The Main Street versus Wall Street fight that has consumed national politics for much of the last year has made its way to Florida with two lawmakers pushing a proposed “Foreclosure Bill of Rights” while bankers are shopping a bill to do away with legal proceedings in foreclosures altogether.

The battle is playing out on the watch of Senate President Jeff Atwater, a banker by trade, who suggested that any pro-bank legislation that puts people out of homes more quickly would likely be a long shot.

Sen. Dave Aronberg, D-Greenacres, and Rep.
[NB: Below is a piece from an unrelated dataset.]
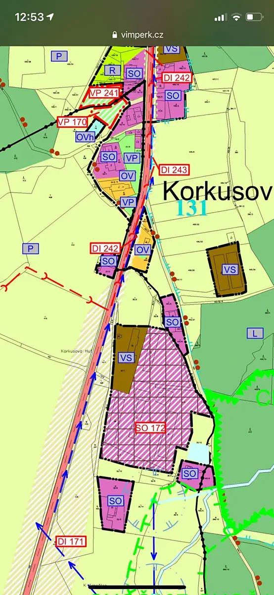 CHKO Šumava- osada Korkusova Huť pod Boubínem a blízko Kubova Huť,pozemek s krásným výhledem na Boubín a krásným okolím,obklopena lesy. Osada leží nad Vimperkem a v blízkosti je Kubova Huť a CHKO Šumava.Jedná se o prodej pozemku na který je zpracována studie na rozparcelovaní na 12 stavebních parcel.Na celé území je zpracována a odsouhlasena územní studie na výstavbu domů k bydlení či rekreaci,která může být využita pro developera. Pozemek je vcelku,na konci obce a přímo navazuje na komunikaci Vimperk-Strážný.V místě přípojky elektro,vody,připraveno na ČOV.Blízko na centrální Šumavu.Celková plocha je 28 000 m2.

Darren Soto, D-Orlando, announced Tuesday their “homeowners’ defense legislation” (SB 1778), which they say would pre-empt the possible eviction of tens of thousands of Floridians from their homes by requiring mediation, and for home loans to be renegotiated at current values. They said they filed the measure in response to an initiative, backed by the Florida Bankers Association, which would create a non-judicial foreclosure system that speeds up foreclosures to 90 days.

“It is fundamental to our economic recovery that we resolve the foreclosure crisis in the state of Florida and there are two vastly different visions out there,” Soto said during a news conference at the Capitol. “While the banks seek to avoid judicial process altogether, allow 90 days and show our Floridians the door with no incentive to settle, we’re here to say, ‘no.’ We will not allow a half million Floridians to be kicked out on the street. We will not allow bailout, spend-happy banks to dictate our agenda here in Tallahassee, and we will not allow the trampling of the rights of Floridians for mere convenience.”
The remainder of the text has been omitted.